La primera mujer musulmana participó en Tokio 1964. Con ese mismo ritmo avanzaban los derechos políticos en la región en contraste con el resto del mundo.
En Beijing 2008 y Londres 2012, las mujeres representaron ya el 45% del total de los atletas participantes. Asimismo, en Londres, todas las naciones musulmanas incluyeron al menos a una mujer en sus delegaciones olímpicas y, por primera vez, se aceptó la participación femenil en el boxeo.

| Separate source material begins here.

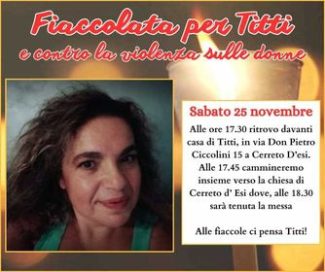L’entroterra montano è pronto a celebrare la Giornata internazionale contro la violenza sulle donne nel ricordo di Concetta Marruocco, l’infermiera 53enne uccisa dal marito lo scorso 14 ottobre. Tante le manifestazioni in programma a Fabriano, Genga, Sassoferrato, Serra San Quirico e soprattutto a Cerreto d’Esi dove ‘Titti’ abitava e dove è stata strappata all’affetto dei suoi cari. Una in particolare sta a cuore ai familiari della donna: la fiaccolata che partirà domani pomeriggio alle 17.45 da via Don Pietro Ciccolini. Il ritrovo è previsto alle 17.30 davanti alla abitazione di Concetta per snodarsi poi fino alla chiesa di Cerreto d’Esi dove alle 18.30 sarà officiata la funzione religiosa.
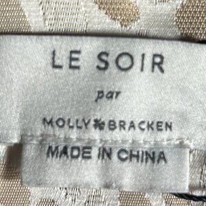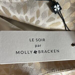 Molly Bracken Le Soir SZ S Cream & Pale Gold metallic shift dress formal mod 60s

En Río subió dos décimas el porcentaje de participación. Estados Unidos se presentó con 292 mujeres y 262 hombres y Australia lo hizo con 212 mujeres y 209 hombres. La tendencia de medallas de esos países era también, en mayor número, de mujeres.
En México, en los últimos tres lustros contamos orgullosamente con Soraya, Ana, Belem, Paola, Tatiana, Iridia, María del Rosario, Aída, Mariana, Laura y Guadalupe, quienes, en su momento, conquistaron la gloria y rompieron atavismos crónicos.
La incorporación de las mujeres es hoy definitiva. Cada una es quien quiso ser y no necesariamente tuvo que encajar en un arquetipo impuesto.
Aunque pareciera que ya no hay espacios vedados para la mujer en el deporte, sí subsisten actitudes que continúan minusvalorando el mérito femenino. Todavía hay quienes insisten en resaltar la belleza — como la mayor cualidad femenina— y no la fortaleza —cualidad aparentemente masculina—.
Aquí, como en otros ámbitos, nada nos fue dado, se ha tenido que ganar palmo a palmo un lugar en la larga lucha por la inclusión y la no discriminación por razones de género.